_Provided data_:

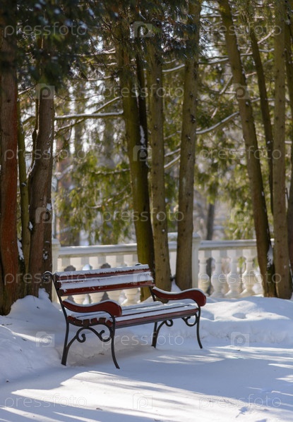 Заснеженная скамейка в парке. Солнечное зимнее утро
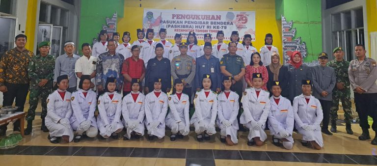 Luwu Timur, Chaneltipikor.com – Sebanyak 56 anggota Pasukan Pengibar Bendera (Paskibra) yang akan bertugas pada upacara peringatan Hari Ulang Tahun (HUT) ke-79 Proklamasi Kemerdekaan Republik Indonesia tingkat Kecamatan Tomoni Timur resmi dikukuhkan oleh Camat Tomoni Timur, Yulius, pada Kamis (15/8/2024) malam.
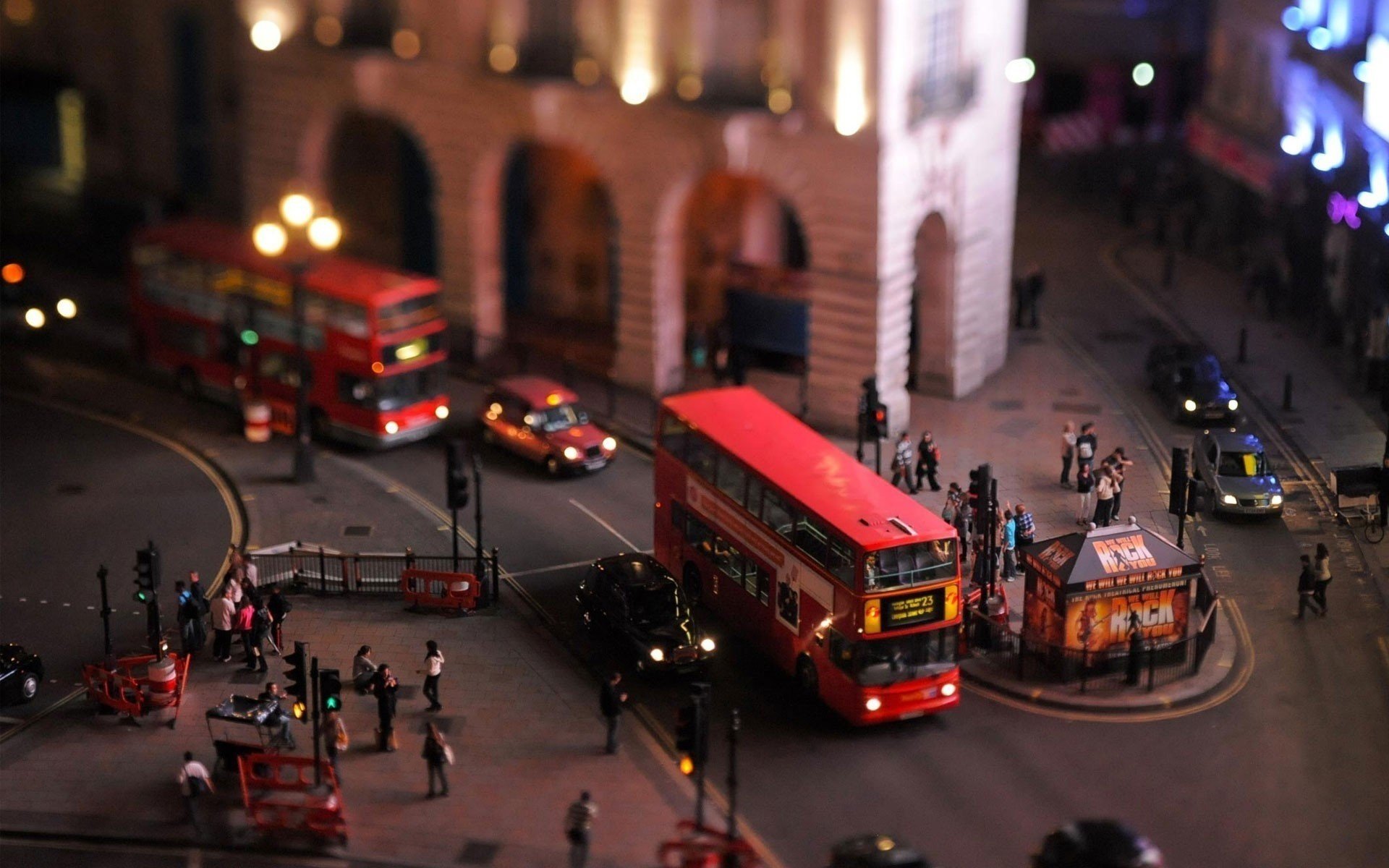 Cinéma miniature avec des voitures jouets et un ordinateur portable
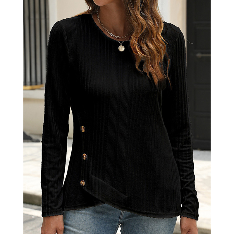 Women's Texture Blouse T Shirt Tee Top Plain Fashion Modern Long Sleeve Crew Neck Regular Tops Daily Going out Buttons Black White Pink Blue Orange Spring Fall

_Problem to solve_: Word for word, repeat all the data, but not its images.

_Solution for this exercise_:
 Заснеженная скамейка в парке. Солнечное зимнее утро
 Luwu Timur, Chaneltipikor.com – Sebanyak 56 anggota Pasukan Pengibar Bendera (Paskibra) yang akan bertugas pada upacara peringatan Hari Ulang Tahun (HUT) ke-79 Proklamasi Kemerdekaan Republik Indonesia tingkat Kecamatan Tomoni Timur resmi dikukuhkan oleh Camat Tomoni Timur, Yulius, pada Kamis (15/8/2024) malam.
 Cinéma miniature avec des voitures jouets et un ordinateur portable
 Women's Texture Blouse T Shirt Tee Top Plain Fashion Modern Long Sleeve Crew Neck Regular Tops Daily Going out Buttons Black White Pink Blue Orange Spring Fall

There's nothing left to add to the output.